Could I love her? Could I open myself up again? Would I end up making the same mistakes all over again?

I had to try. I wanted our relationship to work and was willing to work at it. I remember sitting with her in her living room and telling her the worst of me, not wanting her to find out down the road and it cause trust issues. And, as ashamed as I am to admit it, I wanted to see if she would think I was no good and call things off.

Imagine my shock when she merely thanked me and said she was proud of me for being open about it.

So throughout the summer, we spent time together and generally had a blast. Took lots of trips to the park, went with her and her family to Myrtle Beach, went to more movies than I ever have in one summer, did a lot of cooking, and for the first time since September 2007, I was on my way to being happy with my lot in life.

I tried to completely get over Tinkerbell, I had always been told you should put your ex out of your mind. The following snippet of conversation changed that.

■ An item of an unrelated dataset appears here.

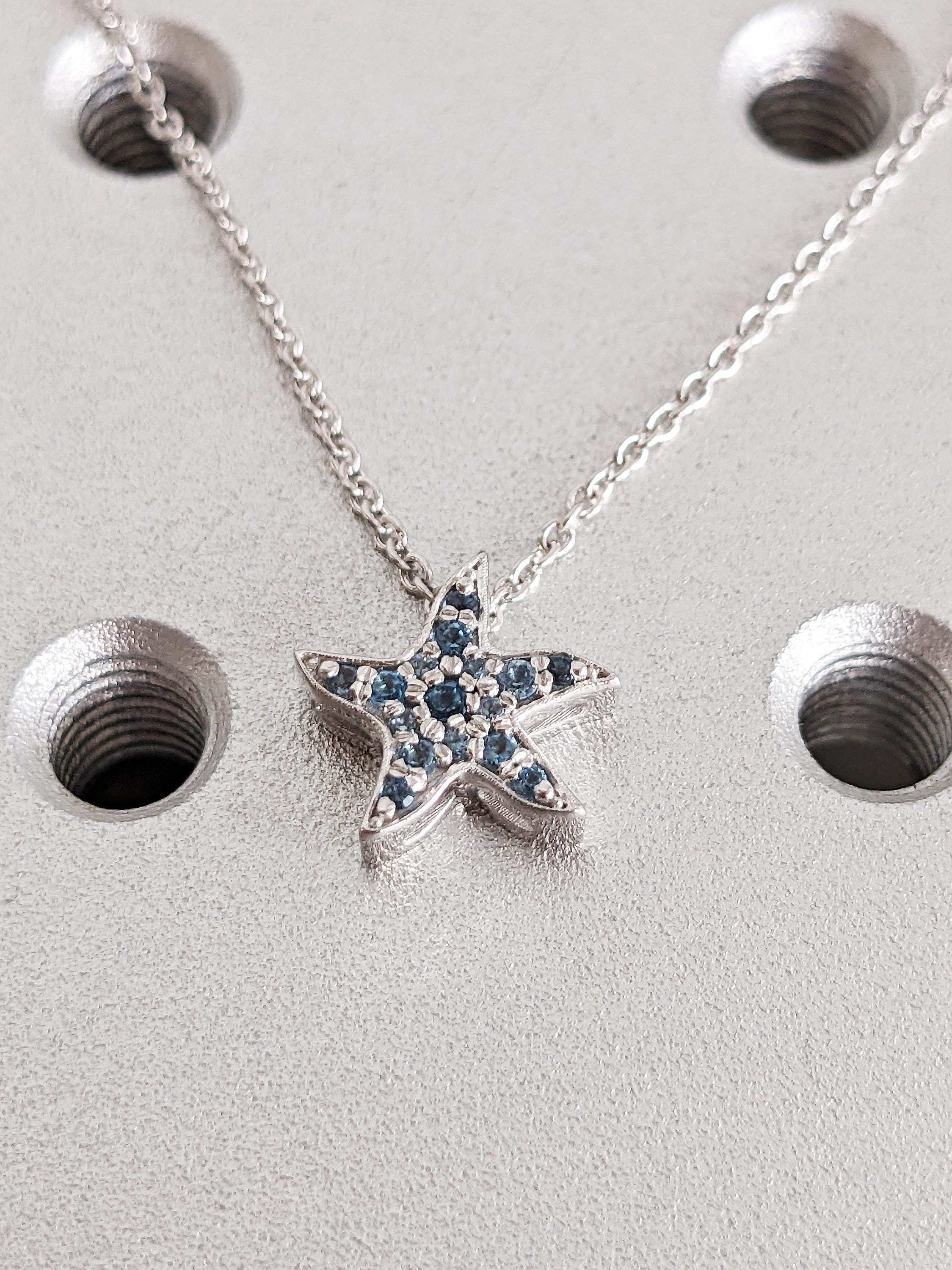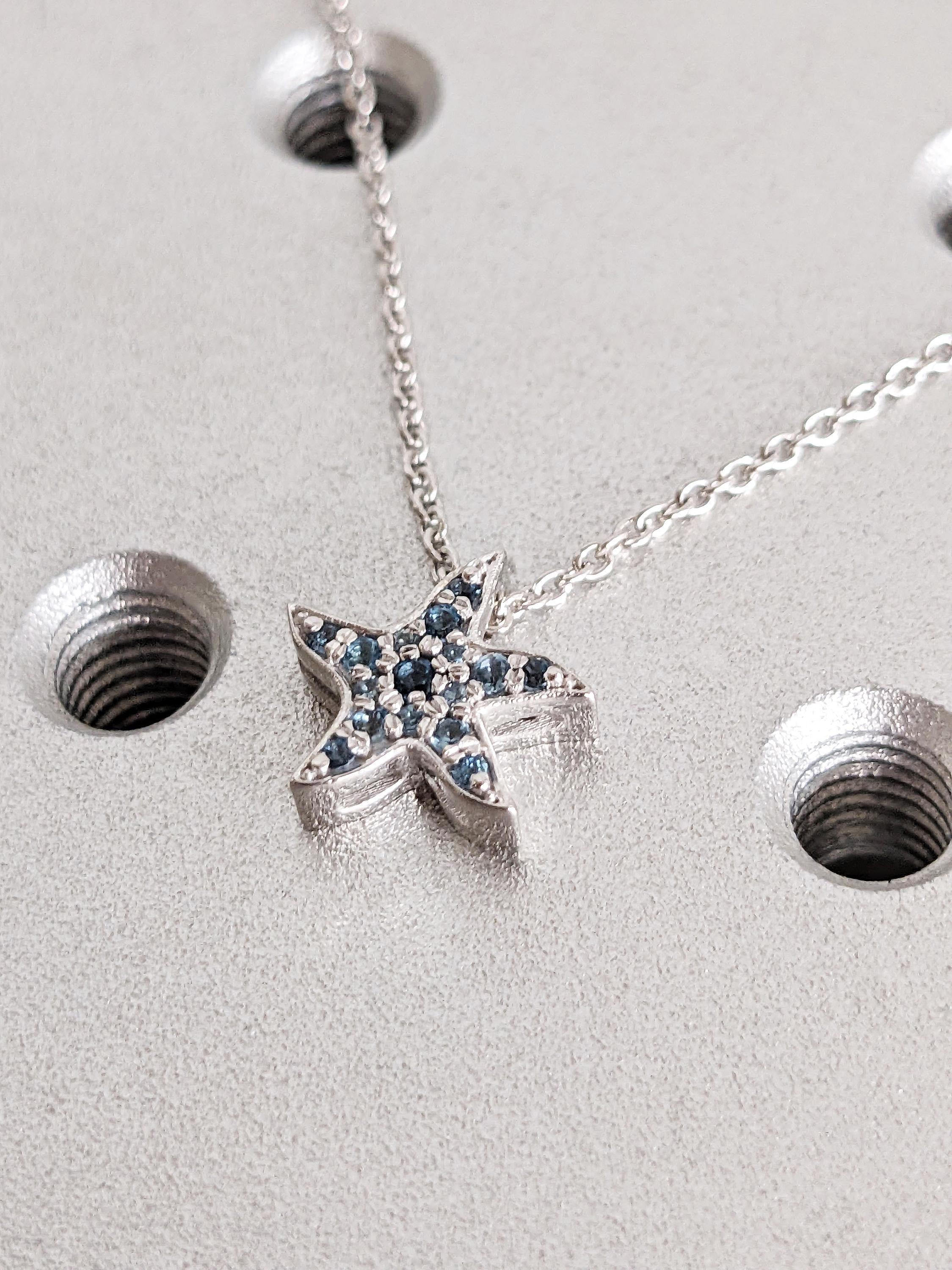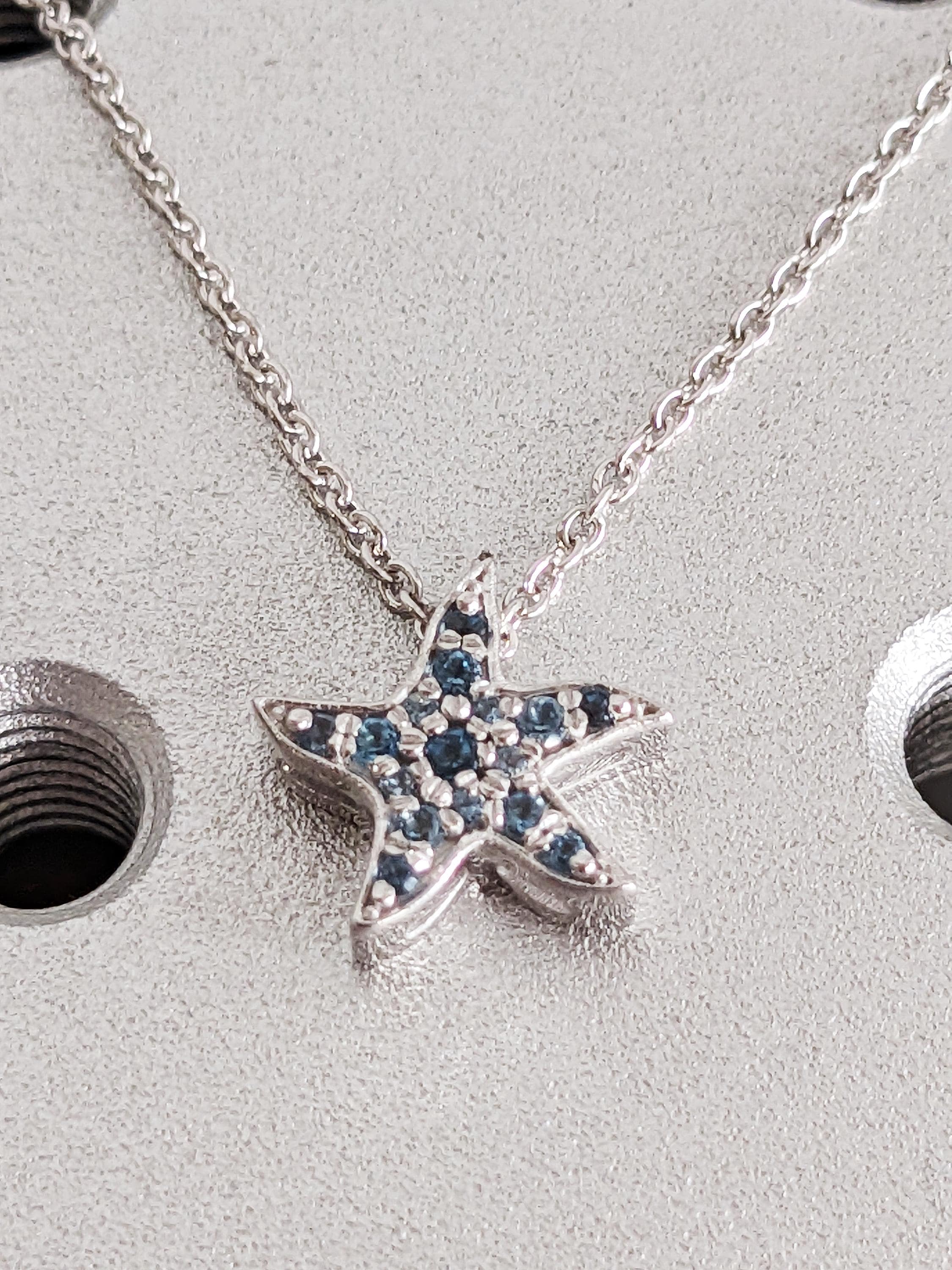 This necklace features blue topaz set in a delicate star shaped pendant, catching the light with every movement. The slim chain adds a subtle elegant touch, making it perfect for everyday wear or a gentle pop of sparkle on special occasions. A dainty feminine piece that brings a hint of celestial charm to any outfit.

Eva: She was your first love and even now, you want her to be happy. It would be unlike you to stop loving someone.
Me: But isn't that a bad thing in this case?
Eva: You're Kendall. I don't think you could help it if you tried. And honestly, that's a good thing. Your heart is too big not to love people.

I decided to give her advice to try and not worry about it so much. Lo and behold, I was much happier with myself as a result.

“Love yourself—accept yourself—forgive yourself—and be good to yourself, because without you the rest of us are without a source of many wonderful things.” - Leo F. Buscagilia


Life is funny in that you only learn the lessons after you've taken the test. I have accepted myself and am working on loving myself. Forgiving myself? That's still a work in progress but I am hopeful.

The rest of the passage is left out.